## Parsing and manipulating PDB files

In [None]:
%matplotlib inline
from matplotlib import pyplot as plt

import numpy as np
import pandas as pd

+ Two important pieces of metadata for a crystal structure are $R$ and $R_{free}$.  These measure how well the crystallographic model fits experimental data used to generate the model.  The location of these numbers are indicated in pdb files by the following text.

  ```
  R VALUE          (WORKING SET, NO CUTOFF)

  and 

  FREE R VALUE                  (NO CUTOFF)
  ```

  Write a function called **get_R** that takes a string specifying a pdb file as an argument, extracts $R$ and $R_{free}$ from the file, and then returns them as a tuple of floats `(R,R_free)`.



In [None]:
R_values = get_R("1g9u.pdb")
assert round(R_values[0],2) == 0.17
assert round(R_values[1],2) == 0.23

+ Create a histogram of all $C_{\alpha,i} \rightarrow C_{\alpha,i+1}$ distances in the pdb file `1stn.pdb`, where $i$ counts along residues in the sequence.  (This means the distance between $C_{\alpha}$ for residue 1 and 2, then for 2 and 3, etc.)

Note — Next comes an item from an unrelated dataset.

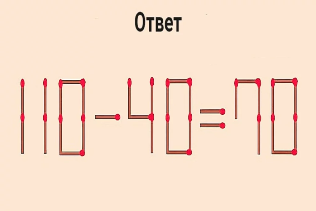 Получится верное равенство: 110 – 40 = 70. Подобные головоломки отлично тренируют внимание, а также нехило прокачивают способность мыслить нестандартно.

Write a function called **center_of_mass** that calculates the center of mass for a pdb file.  It should take a string specifying the pdb file as an argument and return a tuple with the center of mass in (x, y, z).  The center of mass is the average of the coordinates of the protein atoms, weighted by their mass.  The type of each atom is given on the far right of each line of the pdb.  You should use the following masses for the atoms:

|atom | mass     |
|-----|----------|
| `C` | 12.0107  |
| `N` | 14.0067  |
| `O` | 15.9994  |
| `S` | 32.065   |

In [None]:
com = center_of_mass("1stn.pdb")
assert round(com[0],1) == 4.8
assert round(com[1],1) == 22.4
assert round(com[2],1) == 14.5

The `HN` hydrogen atom attached to the `N` is often not in crystal structures because it is invisible in the diffraction experiment used to make the model.   Unfortunately, the `HN` atom coordinates are necessary to calculate things like structural biologists care about like [Ramachandran plots](https://en.wikipedia.org/wiki/Ramachandran_plot).  The missing atom is indicated with the red arrow in the figure below.

![hn_definition](https://raw.githubusercontent.com/harmsm/pythonic-science/master/labs/03_molecular-structure/NH_proton.png)

Write a program that adds missing `HN` atoms and writes them out to a pdb file. 
   + `HN` will be in the plane formed by `C` atom from the *previous* resiude and the `N` and `CA` from its residue. (gray plane in image).  
   + `{"C","N","HN"}` forms an angle of $119\ ^{\circ}$.
   + `{"CA","N","HN"}` forms an angle of $119\ ^{\circ}$.
   + The distance between `N` and `HN` is 1.02 angstrom.